I must have looked lost, as I was soon greeted with “hey guy – whatcha lookin’ for?” When I said Cambodian, my good samaritan just looked bewildered. But then I started getting some interesting leads. First I stopped in at St. Rita’s youth program, which does a lot of work in the Cambodian community. The staff there told me that there was a Cambodian grocery a few blocks away, above the park on University. Very excited, I walked there, but it turned out to be a Vietnamese grocery. The owner pointed me towards Jerome Ave just south of Kingsbridge, where he said there was a larger Asian grocery that was owned by someone who is Cambodian. Once at Phnom Penh Market (2639 Jerome), the owner confirmed that she was Cambodian but said that they didn’t sell any Cambodian food, just Thai and Vietnamese.
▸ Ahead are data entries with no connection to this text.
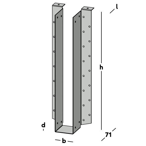 Balkdrager met zijflenzen, voor het bevestigen van dwarsbalken tegen een muur of tegen een andere houten balk. Wordt voornamelijk gebruikt voor houten I-liggers. Leverbaar voor de gangbare kopmaten I-liggers.
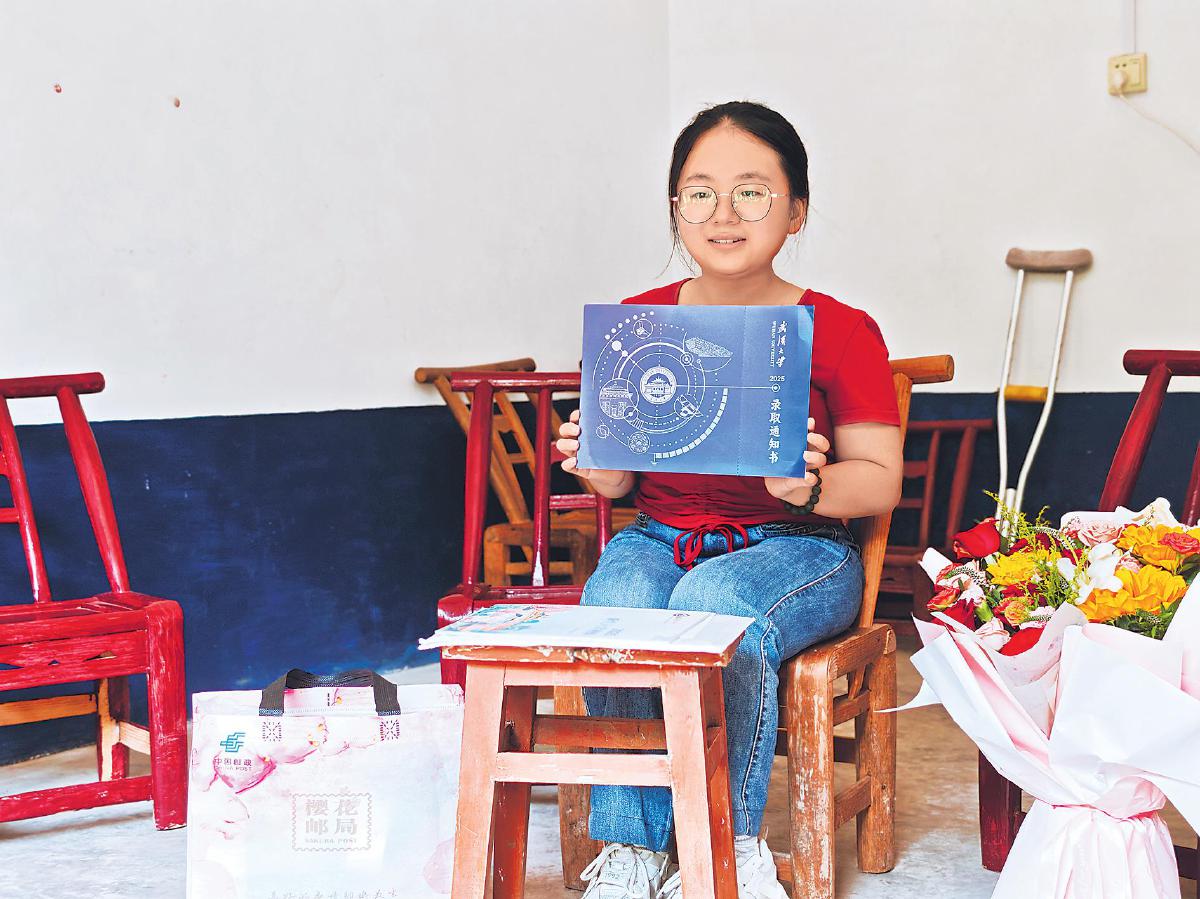 7月30日上午,一封高考錄取通知書從湖北省恩施土家族苗族自治州巴東縣清太坪郵政支局出發,抵達考生田艷青手中——這位被稱作“玻璃娃娃”的小姑娘曾被多家央媒報道,因患有罕見的成骨不全癥,12年求學路上,她經歷了7次骨折。但身體沒有禁錮住她不屈的靈魂,今年,田艷青以631分(含少數民族10分加分)成功考入武漢大學歷史學院。
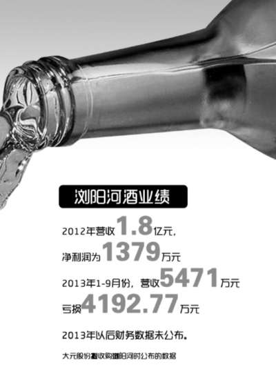 于是,在繼續(xù)尋求IPO的道路上,瀏陽河酒業(yè)依舊將目光投向了A股的上市公司,希望借殼上市。2013年11月,主營(yíng)業(yè)務(wù)與白酒業(yè)務(wù)毫無關(guān)聯(lián)的大元股份宣布擬收購(gòu)瀏陽河酒業(yè)100%股權(quán)。2014年1月,大元股份的一條公告也將瀏陽河一直藏著掖著的家底公之于眾:2012年瀏陽河酒業(yè)營(yíng)業(yè)收入僅1.8億元,凈利潤(rùn)為1379萬元;而2013年1-9月份,其營(yíng)收僅5471萬元,虧損達(dá)到4192.77萬元。

This is the point in my fantasy where I would get invited to their house for some home cooking, but alas, that didn’t happen.

Also first-time commenter Tara scouts out the upcoming location of Kampuchea Noodle Bar on the Lower East Side:

…thought you might appreciate knowing that this noodle joint will be steps away from 99 Rivington, the site of the album cover for Paul’s Boutique. Also, Cambodians will surely be displeased to know that while dining at this restaurant they will be forced to watch the frequent street traffic to and from New York’s most storied sex paraphernalia store, Toys in Babeland, 94 Rivington.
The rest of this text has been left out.